The primary question on appeal is whether the purported attorney-in-fact of an incompetent adult, ostensibly appointed by the incompetent person’s parents, had actual or apparent authority to enter into an arbitration agreement on her behalf. If not, the question becomes whether the incompetent- adult’s estate can be estopped from arguing the arbitration agreement was invalid. Because we conclude that no person possessed actual or apparent authority to contractually bind the incompetent adult and that her estate cannot be estopped from arguing the actions of the purported attorney-in-fact were ineffectual, we affirm the order of the circuit court denying the appellants’ motion to dismiss.1

I. Facts and procedure

Deborah Rowe was born to Clara LaVon Rowe and William Henry Rowe in the mid-1950s.2 She was mentally incompetent from birth, and her parents dutifully cared and provided for Deborah well into her adulthood. They never obtained an order of guardianship.

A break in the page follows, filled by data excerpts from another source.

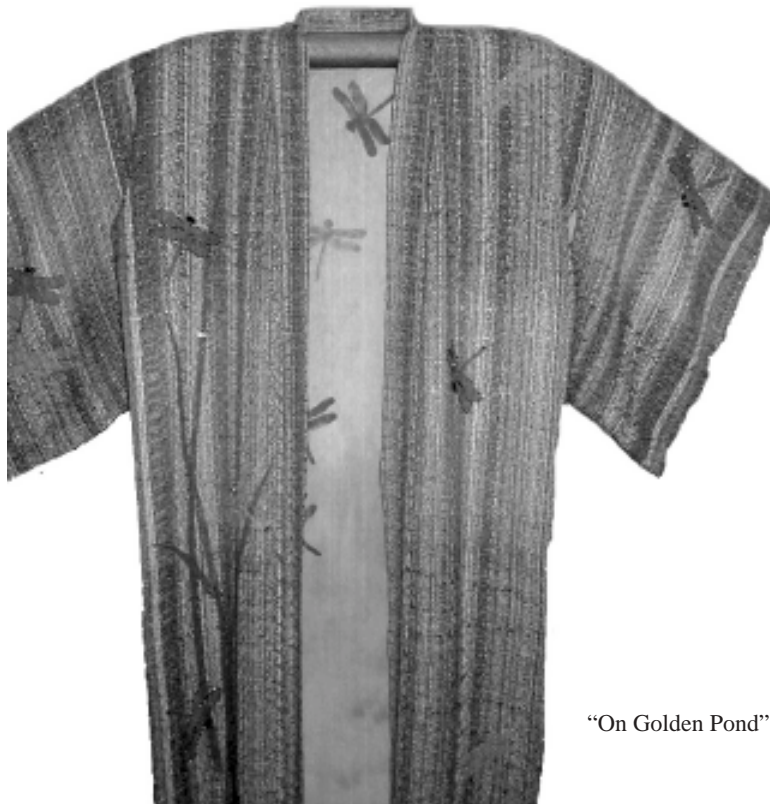
"On Golden Pond" by Regine Carey
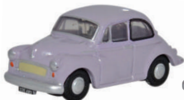
Morris Minor Saloon - Lilac NMOS001 SCALE 1:148 PRICE £3.75
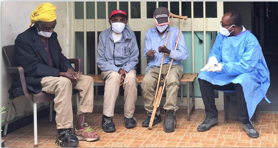
HFK's Health Officer teaches the Elders proper handwashing technique.
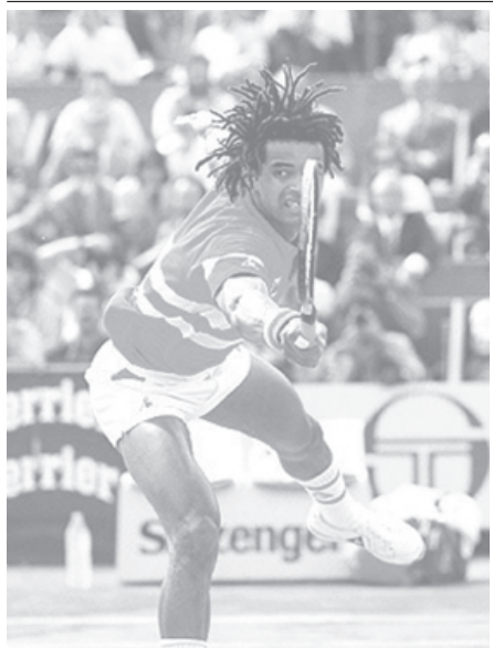
French tennis ace Yannick Noah, seen here in 1987, is among eight people nominated for possible 2005 induction to the International Tennis Hall of Fame.
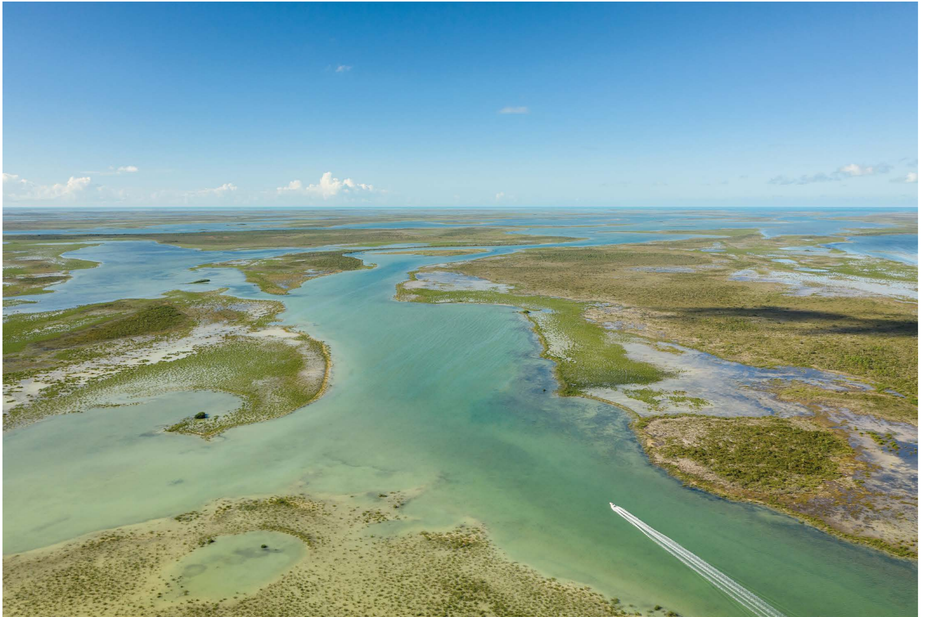
The lodge is a five-minute skiff run north or south to either Deep or Little Creek
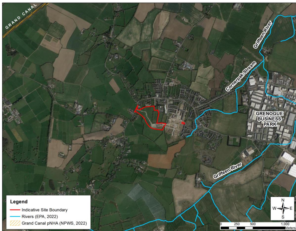
Figure 1.1 Site Location in relation to local drainage

The Griffeen River discharges into the River Liffey c. 7.4Km to the north of the site which finally outfalls into the South Dublin Bay SPA/SAC/pNHA which is c. 20km to the east of the site. There would be an indirect discharge to Dublin Bay waterbody from the Proposed Development site through the stormwater and foul water site drainage as described in Section 1.3 below.
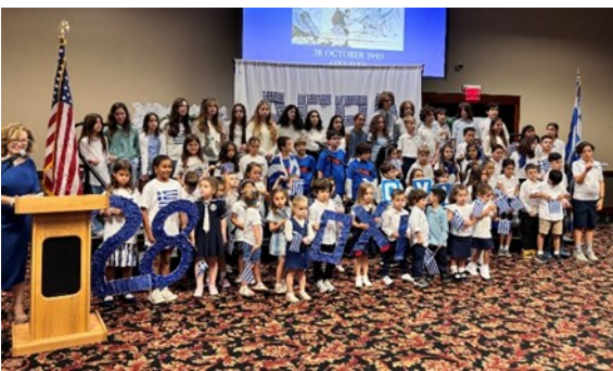
Our students sing the national anthems

On October 24, 2001, Clara and William executed a document entitled “Power of Attorney,” by which they purported to appoint Nancy Meadows Deborah’s attorney-in-fact. The document provided as follows:

We, CLARA LAVON and WILLIAM HENRY ROWE, parents and guardians of, DEBORAH SUE ROWE, appoint NANCY MEADOWS as the attorney-in-fact in her name and stead to transact any and all business on behalf of our mentally handicapped daughter including, but not limited to, deposit and withdrawal of any funds from her bank account or other depository, endorsement of any commercial papers, voting of any proxy or proxies, execution of any legal [121]*121documents necessary to encumber, sell, transfer or pass title to any real or personal property in which she owns an interest, and to transact any and all business from her and on her behalf. We give to each and every such act done by her attorney the same force and effect as if done in her person and absolve all persons dealing with the attorney-in-fact from any liability for her acts as such. This power is not revoked or affected by her subsequent incapacity or disability. We request our attorney-in-fact be appointed her fiduciary if we are determined to be incompetent or disabled.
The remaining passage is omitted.